There was no response to this gaiety. Catherine went away heavy-footed. She was poorer by fifty pounds, Christopher was coming home in a week, and that bright dream of meeting him at the station seemed to the last degree unlikely to be realised. Useless for the nurse to pretend there was a difference in her; there was none. Perhaps if she hadn’t pretended Catherine would have been more able to believe. But the nurse treating her like a fool—well, but wasn’t that precisely what she was? Wasn’t any woman a fool who could suppose that she could be stirred up to youth again by showers of stabbing crackles?
She went home heavy-footed and ashamed. Trouble, expense, disappointment, an intolerable long separation from Christopher,—that was all she had got out of this. Oh yes—she had got the useful knowledge that she was a fool; but she had had that before.
Still, she wouldn’t quite give up hope yet. There was one more treatment, and it might well be that she would suddenly take a turn....
But she never had the final treatment, and never saw either Dr. Sanguesa or the nurse again; for when she got home that day, she found a telegram from Mrs. Colquhoun, asking her to come to Chickover at once.
XVII
There was a note of urgency in the telegram that made Catherine afraid. Going down in the slow afternoon train, the first she could catch, which stopped so often and so long, she had much time to think, and it seemed to her that all this she had been doing since her marriage was curiously shabby and disgraceful. What waste of emotions, what mean fears. Now came real fear, and at its touch those others shrivelled up. Virginia down there at grips with danger, being tortured—oh, she knew what torture—just this stark fact shocked her back to vision.
She sat looking out of the window at the fields monotonously passing, and many sharp-edged thoughts cut through her mind, and one of them was of the last time she had gone down to Chickover, and of her gaiety because some strange man, taken in by the cleverness with which Maria Rome had disguised her, had obviously considered her younger than she was. How pitiful, how pitiful; what a sign one was indeed old when a thing like that could excite one and make one feel pleased.
She stared at this memory a moment, before it was hustled off by other thoughts, in wonder. The stuff one filled life with!

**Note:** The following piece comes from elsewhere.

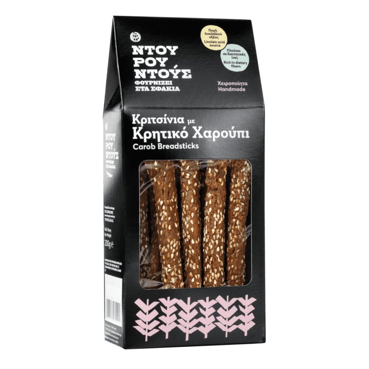 Fabriqué à partir de farine de caroube crétoise, de vin blanc, de cognac, de sésame et d’huile d’olive

And at the faintest stirring of Death’s wings, the smallest movement forward of that great figure from the dark furthermost corner of the little room called life, how instantly one’s eyes were smitten open. One became real. Was one ever real till then? Had there to be that forward movement, that reminder, ‘I am here, you know,’ before one could wake from one’s strange, small dreams?

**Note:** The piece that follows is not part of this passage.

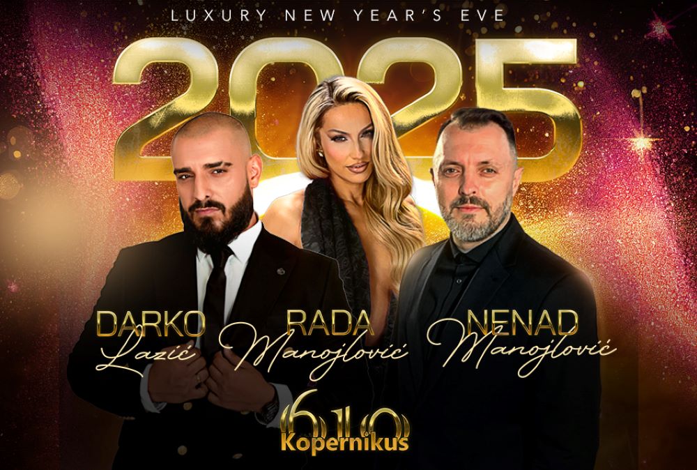 Nenad Manojlović Doček Nove godine 2025 najavljuje glamuroznu novogodišnju noć u Event Centru Kopernikus 610 ! U društvu još dve velike muzičke zvezde – Darka Lazića i Rade Manojlović – Nenad će se pobrinuti da publika uživa u nezaboravnom programu, punom energije, emocija i hitova koji će zagrejati atmosferu do maksimuma.

She had to wait an hour at the junction. This comforted her, for if things had been serious the car would have been sent for her there.

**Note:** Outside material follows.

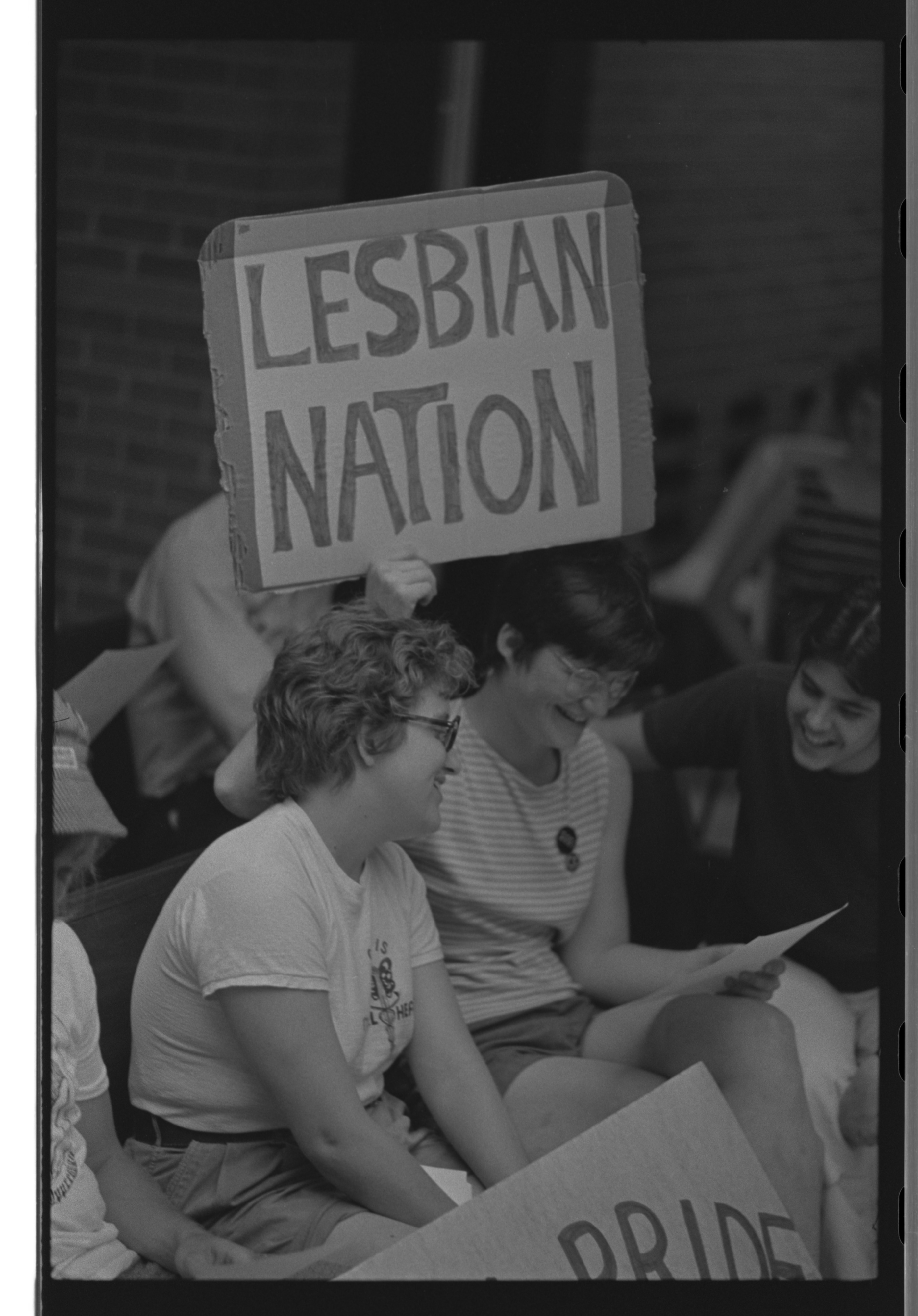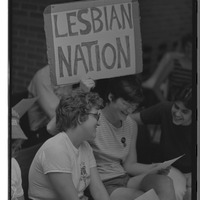 - Attendee of an event being held during pride week in 1975 is holding a sign reading "Lesbian Nation"

It was past nine when she reached Chickover. The chauffeur who met her looked unhappy, but could tell her nothing except that his mistress had been ill since the morning. The avenue was dark, the great trees in solemn row shutting out what still was left of twilight, and the house at the end was dark too and very silent. The place seemed to be holding its breath, as if aware of the battle being fought on the other side in the rooms towards the garden.